━━━━━ EXTRACTED INFORMATION ━━━━━

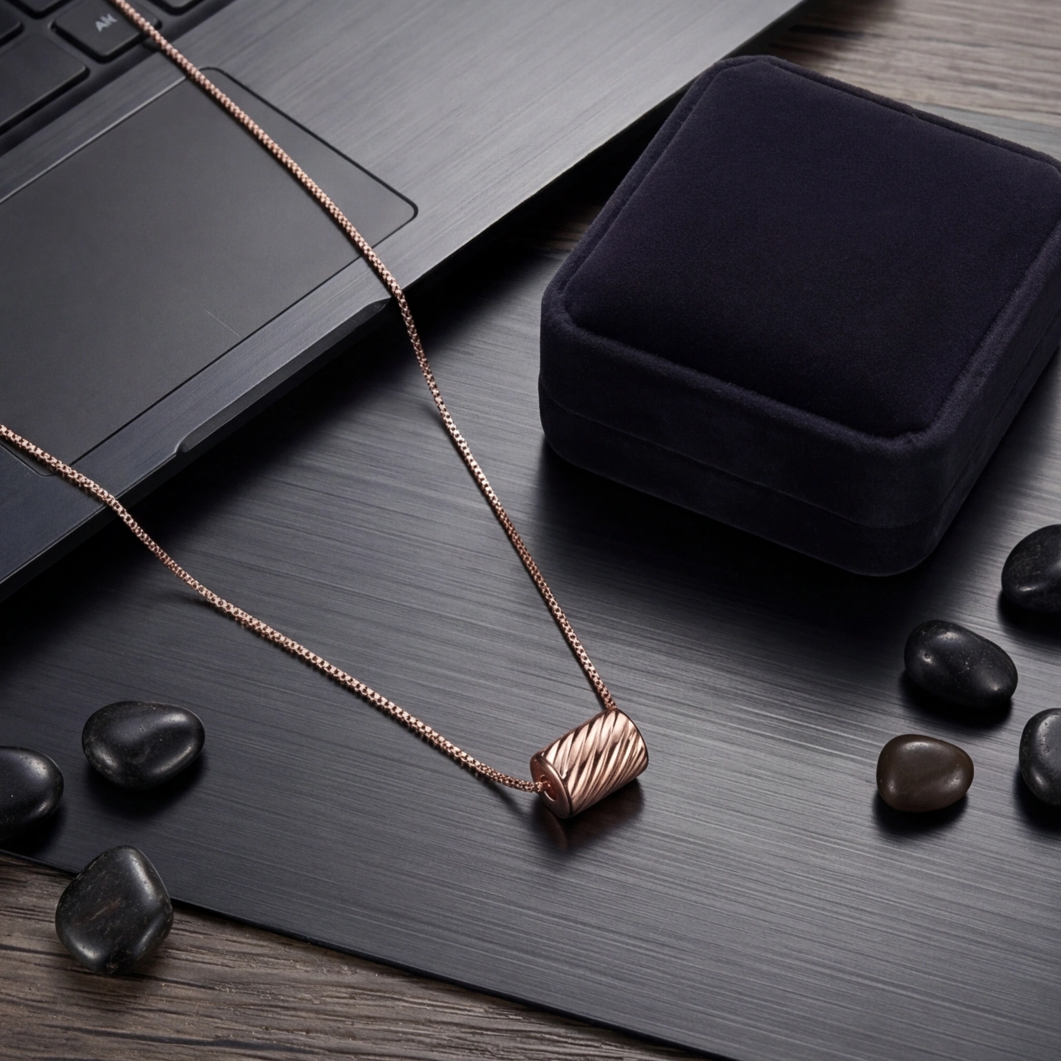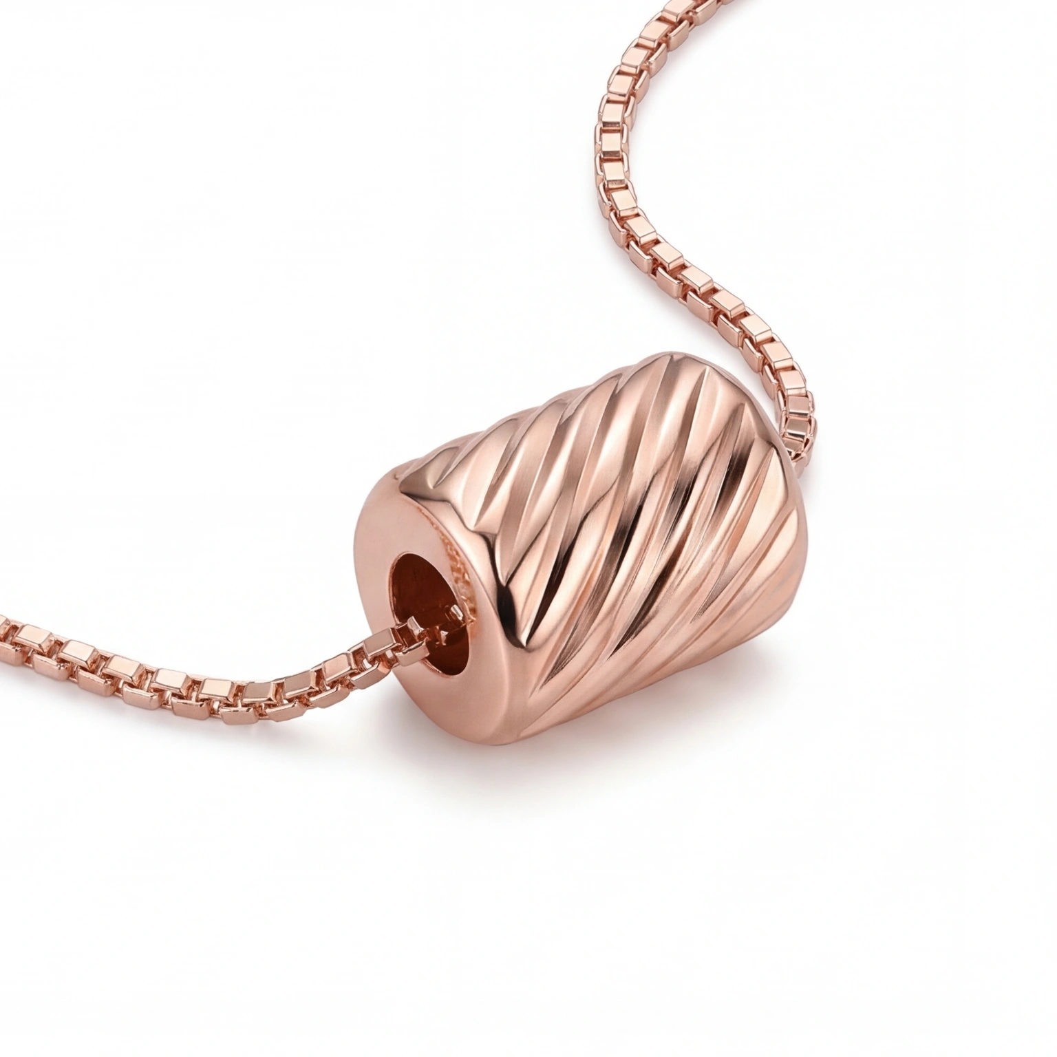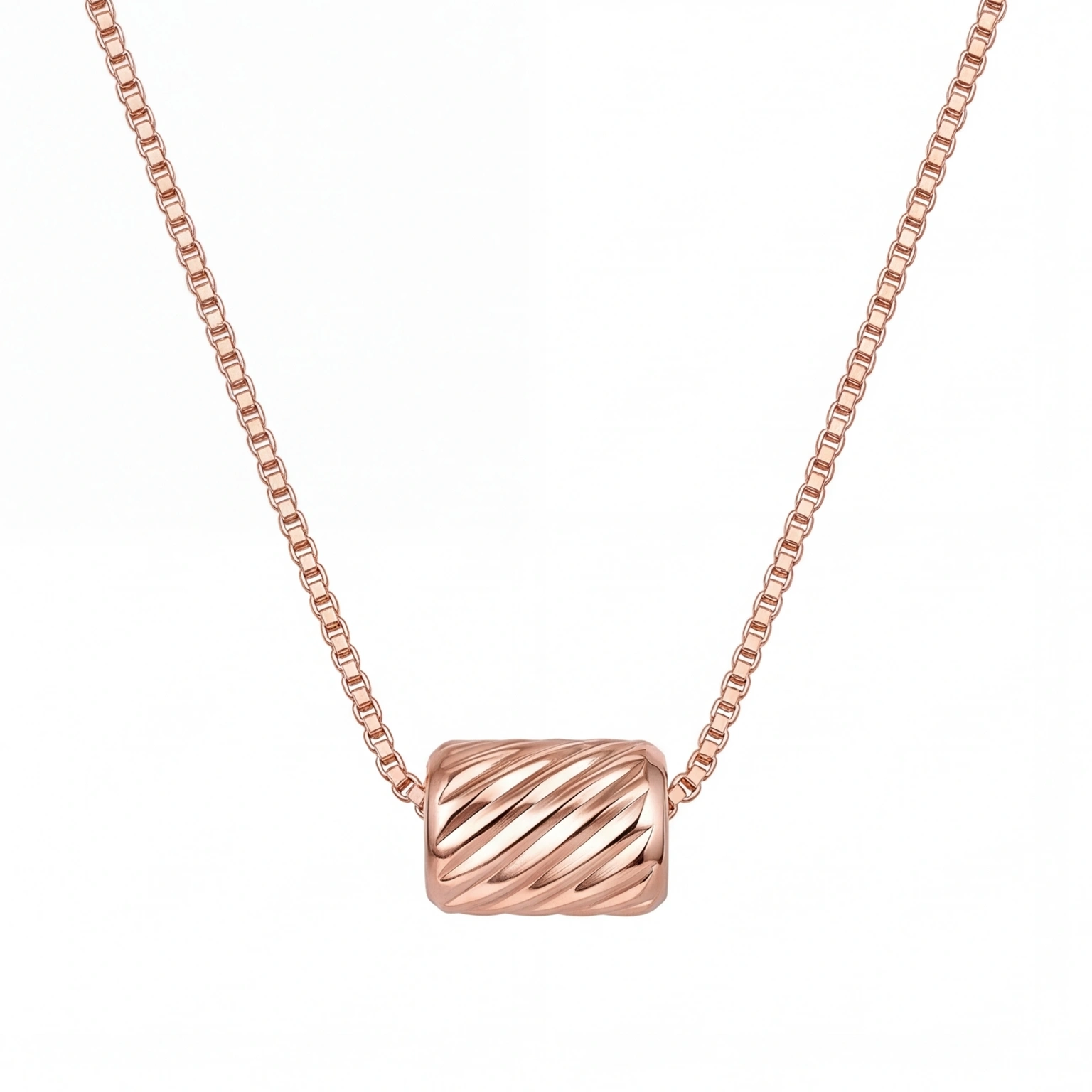 A ridged barrel bead threaded directly onto a sleek box chain β no clasp, no fuss, just one sculptural piece that slides and settles right at the collarbone. The Twist Pendant is minimal in the most considered way. For the woman who finds beauty in form, not flash.
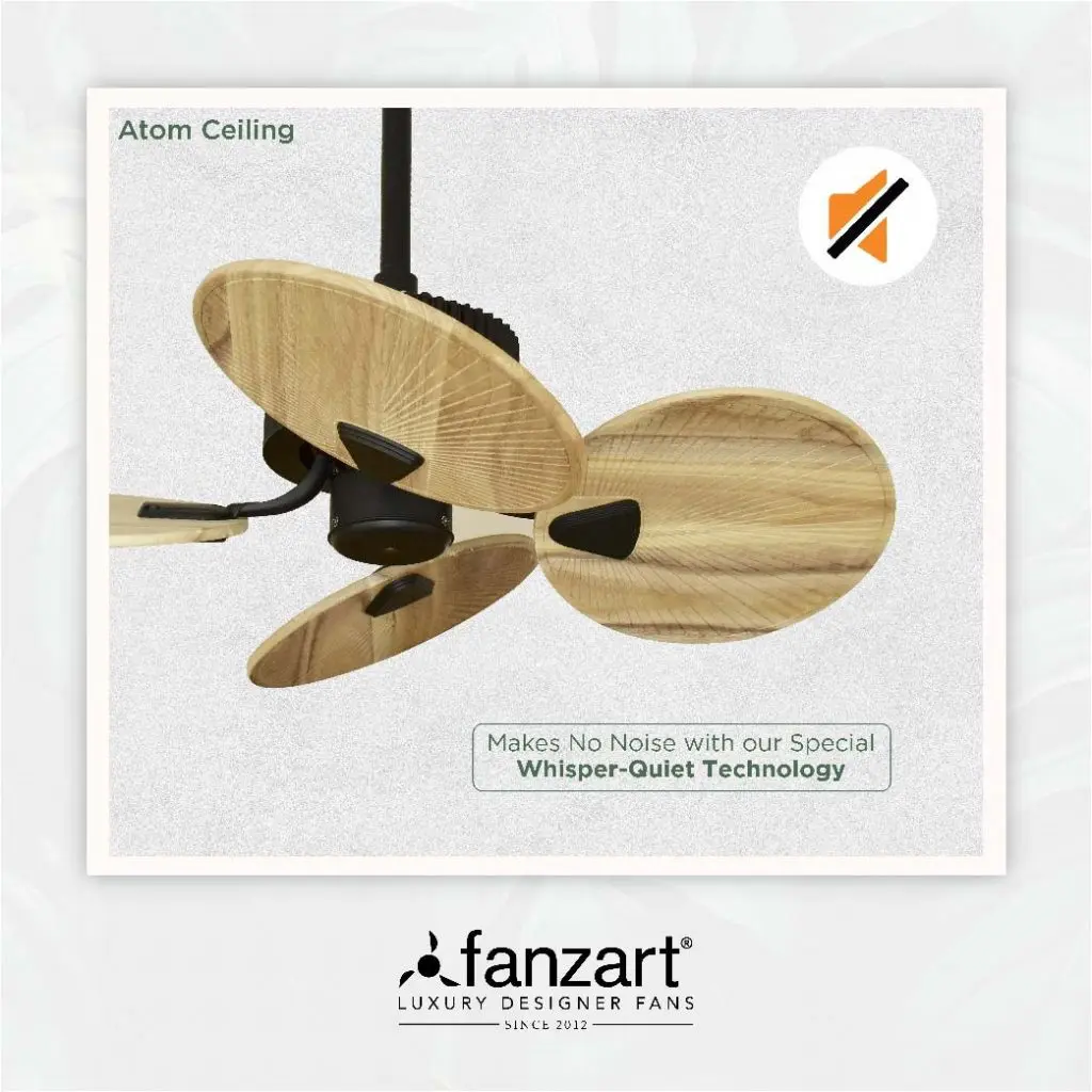Match your room’s furniture with Fanzart’s 34-inch ATOM, designed with 4 specially crafted wooden blades that can be polished to match the finish of your furniture. The black housing gives the designer ceiling fan a chic look and adds elegance to your home. The best part is that these fans are super-quiet, so you can work in peace or have a night of uninterrupted sleep.
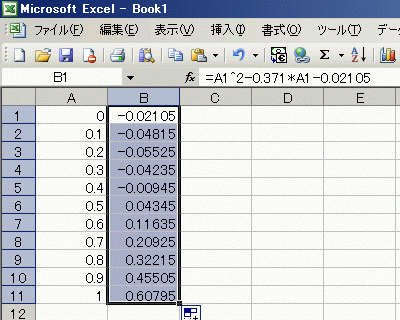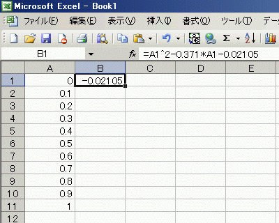 図の例だと B1 には =A1^2-0.371*A1-0.02105 と書き込む.
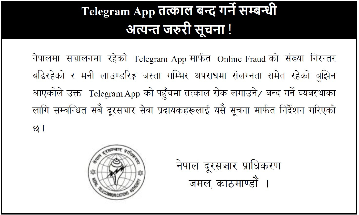 प्राधिकरणले सूचना जारी गर्दै सेवा प्रदायकहरुलाई टेलिग्राम एपको पहुँचमा तत्काल रोक लगाउन निर्देशन दिएको हो ।
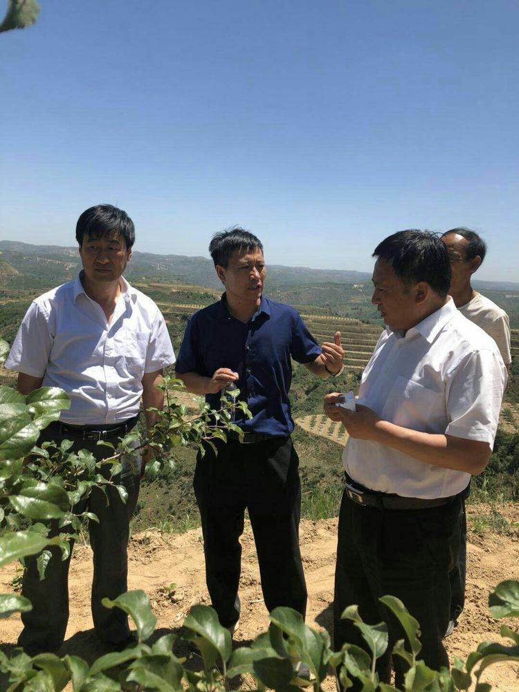 6月13日,延安市果业局局长路树国在县委常委、副县长刘建忠、县果业局局长牛怀荣和便民服务中心总支书记曹元崔的陪同下,先后实地查看了纸坊便民服务中心高梁村湫滩沟果园和米岭山村王三台果园。
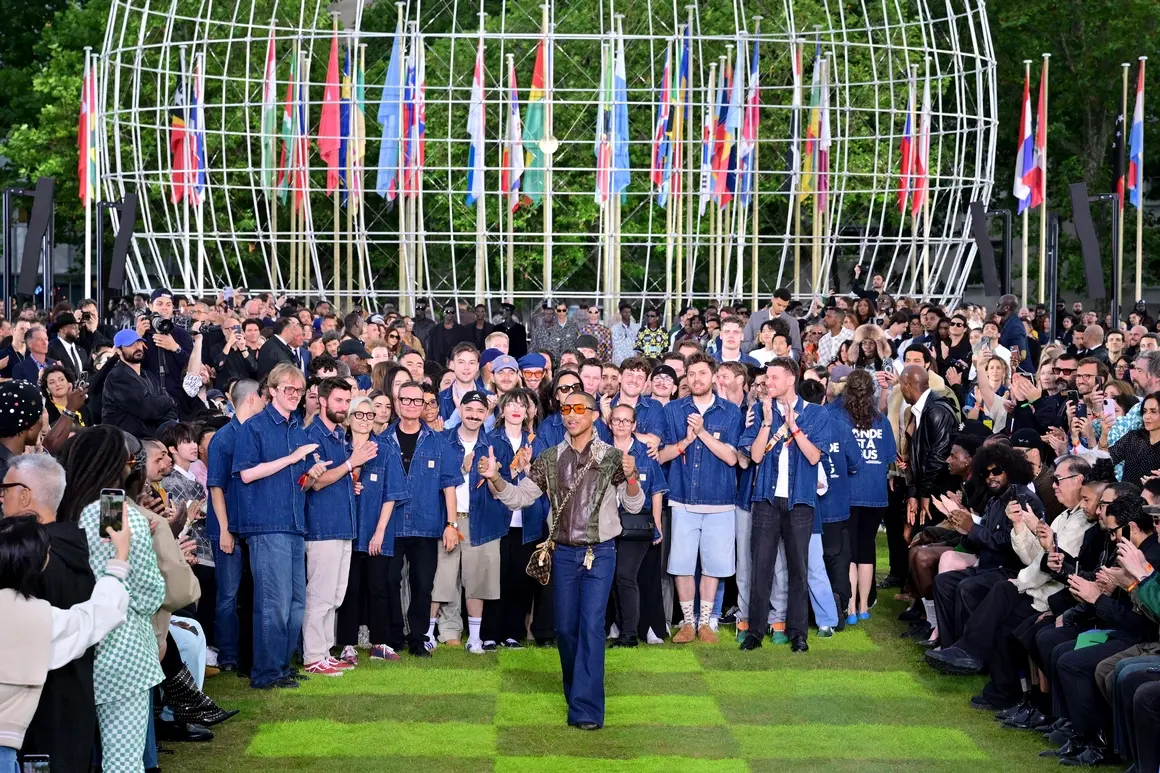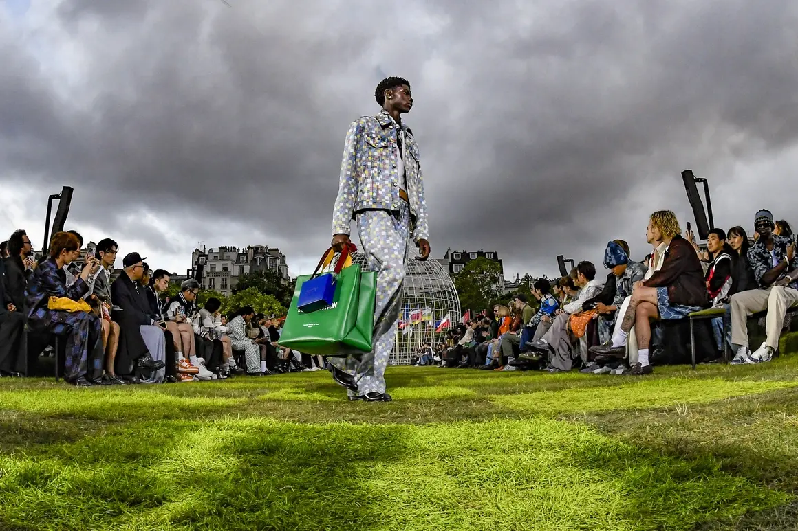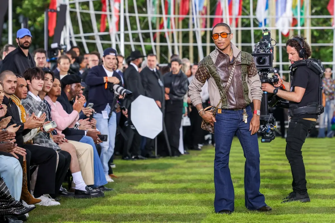 Четвъртото ревю на Фарел Уилямс като творчески директор на мъжкото облекло в Louis Vuitton се състоя в градините на сградата на ЮНЕСКО в Париж.
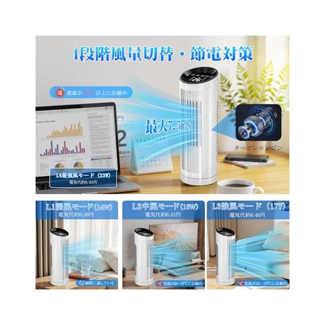 【 パワフル送風・タービンエンジン・羽根無し 】 ハイパワーDCモーターを搭載したタワーファンは、静か・省エネルギーで運転だけでなく、やさしい風からビューンと遠くに届く強風まで幅広い風速を実現、最大風速は7.5m/s!また、タービンエンジンも採用し、強力なターボエアフローを生成して空気循環を加速します。タワー扇風機は広範囲に風を届け、非常にパワフルな送風性能で、耐久性もUP!通気口は狭い格子を採用し、羽根なしの扇風機で、お子様やペットのいるご家庭におすすめ!
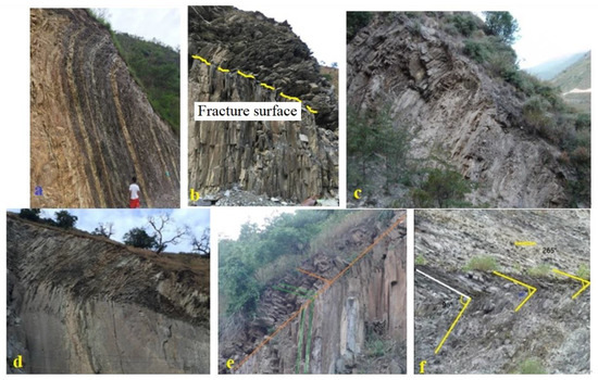 Due to the restriction of the cutting depths of the gullies, the toppling direction of the transverse slope points upstream or downstream, and the deformation degree is light. For example, on the old highway slope on the downstream side of the Wanba River, the bedrock orientation is N15°W, NE∠89°, the lithology is medium-thick-layered metamorphic quartz sandstone, the rock strata are stable and the upper part is toppling toward the surface. After the toppling, the orientation of the rock layer turned to N10°W, SW∠43°, and the rock formation was curved in a spine shape (Figure 5d) but not buckled, forming a toppling–loose structure (Figure 5e). However, the deformation is still dominated by toppling–bending and toppling–creep structures.

━━━━━

TASK BRIEF:
Give the data again exactly as written, with all pictures left out.

YOUR RESPONSE:
 A ridged barrel bead threaded directly onto a sleek box chain β no clasp, no fuss, just one sculptural piece that slides and settles right at the collarbone. The Twist Pendant is minimal in the most considered way. For the woman who finds beauty in form, not flash.
Match your room’s furniture with Fanzart’s 34-inch ATOM, designed with 4 specially crafted wooden blades that can be polished to match the finish of your furniture. The black housing gives the designer ceiling fan a chic look and adds elegance to your home. The best part is that these fans are super-quiet, so you can work in peace or have a night of uninterrupted sleep.
 図の例だと B1 には =A1^2-0.371*A1-0.02105 と書き込む.
 प्राधिकरणले सूचना जारी गर्दै सेवा प्रदायकहरुलाई टेलिग्राम एपको पहुँचमा तत्काल रोक लगाउन निर्देशन दिएको हो ।
 6月13日,延安市果业局局长路树国在县委常委、副县长刘建忠、县果业局局长牛怀荣和便民服务中心总支书记曹元崔的陪同下,先后实地查看了纸坊便民服务中心高梁村湫滩沟果园和米岭山村王三台果园。
 Четвъртото ревю на Фарел Уилямс като творчески директор на мъжкото облекло в Louis Vuitton се състоя в градините на сградата на ЮНЕСКО в Париж.
 【 パワフル送風・タービンエンジン・羽根無し 】 ハイパワーDCモーターを搭載したタワーファンは、静か・省エネルギーで運転だけでなく、やさしい風からビューンと遠くに届く強風まで幅広い風速を実現、最大風速は7.5m/s!また、タービンエンジンも採用し、強力なターボエアフローを生成して空気循環を加速します。タワー扇風機は広範囲に風を届け、非常にパワフルな送風性能で、耐久性もUP!通気口は狭い格子を採用し、羽根なしの扇風機で、お子様やペットのいるご家庭におすすめ!
 Due to the restriction of the cutting depths of the gullies, the toppling direction of the transverse slope points upstream or downstream, and the deformation degree is light. For example, on the old highway slope on the downstream side of the Wanba River, the bedrock orientation is N15°W, NE∠89°, the lithology is medium-thick-layered metamorphic quartz sandstone, the rock strata are stable and the upper part is toppling toward the surface. After the toppling, the orientation of the rock layer turned to N10°W, SW∠43°, and the rock formation was curved in a spine shape (Figure 5d) but not buckled, forming a toppling–loose structure (Figure 5e). However, the deformation is still dominated by toppling–bending and toppling–creep structures.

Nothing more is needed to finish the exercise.